The presence (or absence) of particular bacterial species was associated with an increased risk of dying from cancer or infection.
Getting a new heart or kidney doesn’t mean you’re out of the woods quite yet.
Gut dysbiosis – an imbalance between helpful and harmful bacteria in the gut – is seen in many diseases including diabetes and cancer and can predict long-term mortality.
One previous, albeit small, study suggests the association between gut dysbiosis and mortality also occurs in patients who have received liver and kidney transplants.
Now, a new, larger Dutch study extends these findings, reporting abnormal or unhealthy gut microbiomes are associated with an increased risk of death after a solid organ transplant. The study findings were published in Gut.
Dr Olivier Gasser (PhD), a microbiome researcher from the Malaghan Institute of Medical Research in New Zealand, was complimentary towards the findings.
“This is a very nice paper [that is] one more example of how the microbiome dictates so much of what is going on in our bodies. The associations are pretty clear, even if we don’t exactly know the mechanism of how it works,” he told Gut Republic.
Researchers collected faecal samples from 9500 individuals, 1330 of whom were an average of 7.5 years on from receiving a liver, heart, kidney or lung transplant, who were then followed for up to seven years. One in five transplant recipients died during the follow-up period, with infection, cardiovascular disease and cancer the most common causes of death.
The faecal samples were assessed for multiple measures of gut dysbiosis, including the number of different bacterial species within the microbiome and how many virulence factors (which can convert harmless bacteria into dangerous pathogens) were present.
The researchers identified 23 bacterial species associated with an increased risk of all-cause mortality in transplant patients after accounting for age, sex, BMI and years since transplantation. These included four Clostridium species – C. innocuum, C. clostridioforme, C. symbiosum and C. bolteae – as well as Hungathella hathewayi, Veillonella parvula and Ruminococcus gnavus (26% increase).
Having a microbiome that was increasingly diverse compared to that of the general population was associated with a 29% increase in the risk of mortality from any cause in transplant recipients, as well as a 46% increase in the risk of dying from infection, a 39% increase in the risk of dying from cancer and a 36% increase in the risk of dying from cardiovascular disease.
Similarly, having a microbiome with increased amounts of virulence factors increased the risk of all-cause mortality in transplant recipients by 14%, and the risk of infection-related mortality by 28%.
Dr Johannes Björk (PhD), clinical ecologist and study author from University Medical Centre Groningen in the Netherlands, told Gut Republic the dysbiosis seen in organ transplant patients was largely driven by the use of immunosuppressants and antibiotics.
“It’s a double-edged sword… it damages the gut microbiome leading to extensive gut dysbiosis while [also] keeping the recipient alive by preventing organ rejection,” said Dr Björk.
The ongoing use of antibiotics kill off “good” bacteria in the microbiome while also allowing “bad” bacteria to flourish.
“As soon as you create a void in an organ that’s constantly fed with nutrients, something’s going to grow.

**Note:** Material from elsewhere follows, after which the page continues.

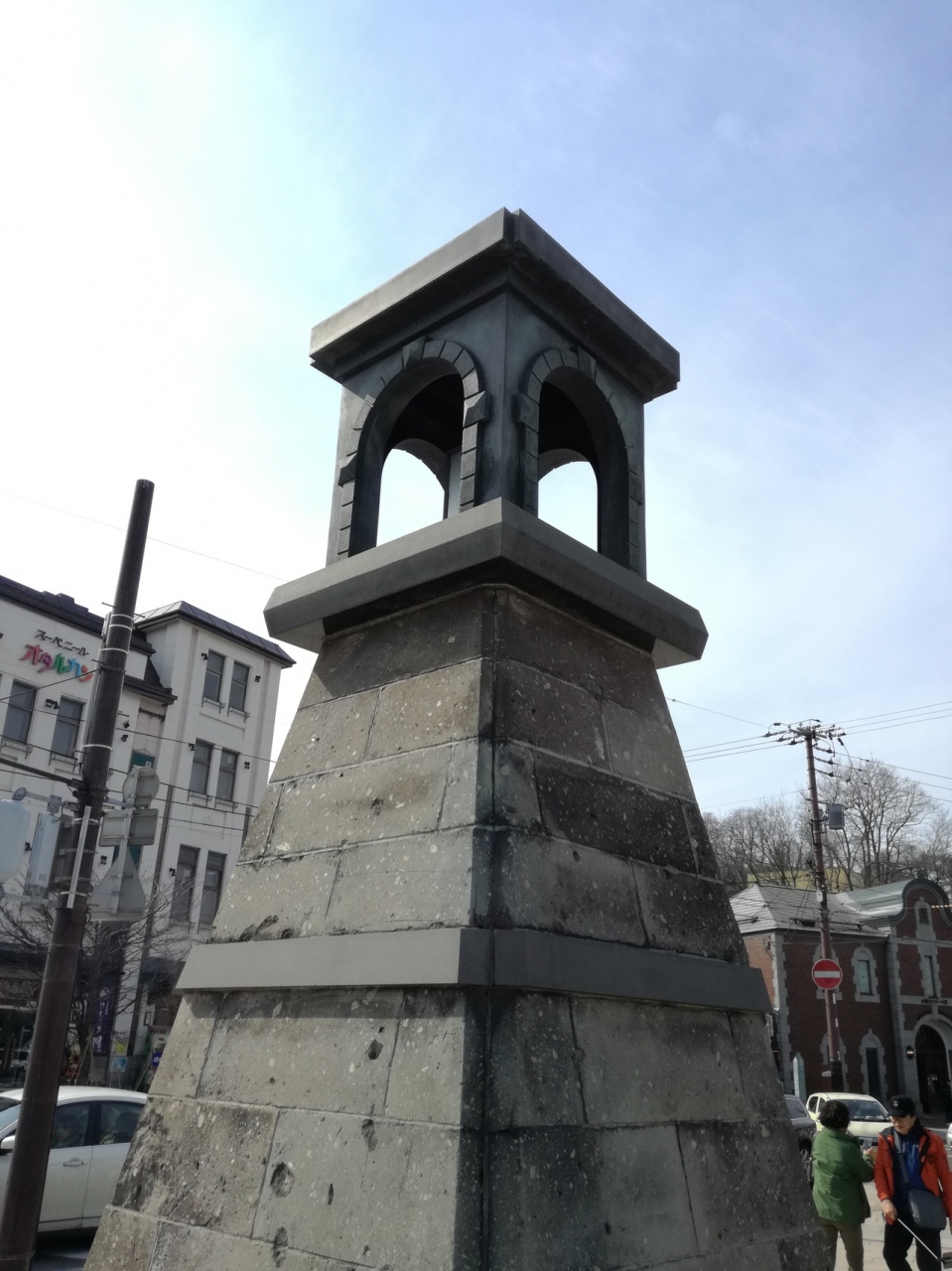 小樽市内で人気の観光スポットのひとつ、堺町通り商店街にありました。LeTAO本店とメルヘン交差点の間の広場にある常夜灯は港町小樽らしい灯台のような形をしているのが特徴的でした。また、この場所は、観光客の人たちがたくさんいる場所なので、記念写真の撮影スポットにもなっていました。

And typically, it’s the bad bacteria that are going to grow and outcompete the good ones,” Dr Glasser explained.
Knowing which bacterial species are associated with an increased risk of mortality may help to design microbiome-directed therapeutics that can reduce gut dysbiosis after organ transplantation, although it might not be a one-off treatment.
“If we take faecal microbiota transplantation (FMT) as an example, it is possible that recipients would benefit from receiving FMTs after organ transplantation. However, because of the continuous and life-long use of [immunosuppressive] drugs, recipients would likely need frequent FMTs throughout their lives to counteract the gut-harming effects of the [these] drugs,” Dr Björk told Gut Republic.

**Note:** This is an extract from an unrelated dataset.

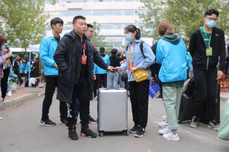 组织团学组织成员和志愿者帮助新生搬运行李。迎新初始,所有迎新工作人员全部早早到场,准备迎接来自五湖四海的莘莘学子。

But Dr Gasser emphasised these findings were not going to change anything from a clinical perspective for the next five to 10 years.
“There’s no point in starting to create product around [particular] species and say, ‘this is going to be a great probiotic for that patient’. If you google any of these species, you might find other studies in completely different patient groups on a completely different pathology, you will probably find bacteria that are good for one thing but bad for another,” he said.

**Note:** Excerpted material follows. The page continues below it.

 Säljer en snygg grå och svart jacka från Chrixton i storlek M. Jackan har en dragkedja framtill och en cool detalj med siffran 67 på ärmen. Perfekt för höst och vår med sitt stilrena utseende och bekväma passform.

“This is why it is going to take the entire probiotic field decades for any fundamental observational findings to reach any kind of clinical actionability.”
Dr Gasser recommended all people, regardless of their health status, should strive to maintain a healthy and balanced diet.
“At the end of the day, I always think the common denominator is to watch your diet. Many studies [show] that the more diverse your microbiome is, the better off you are. And microbiome diversity is based on what you feed the microbiome,” he told GR.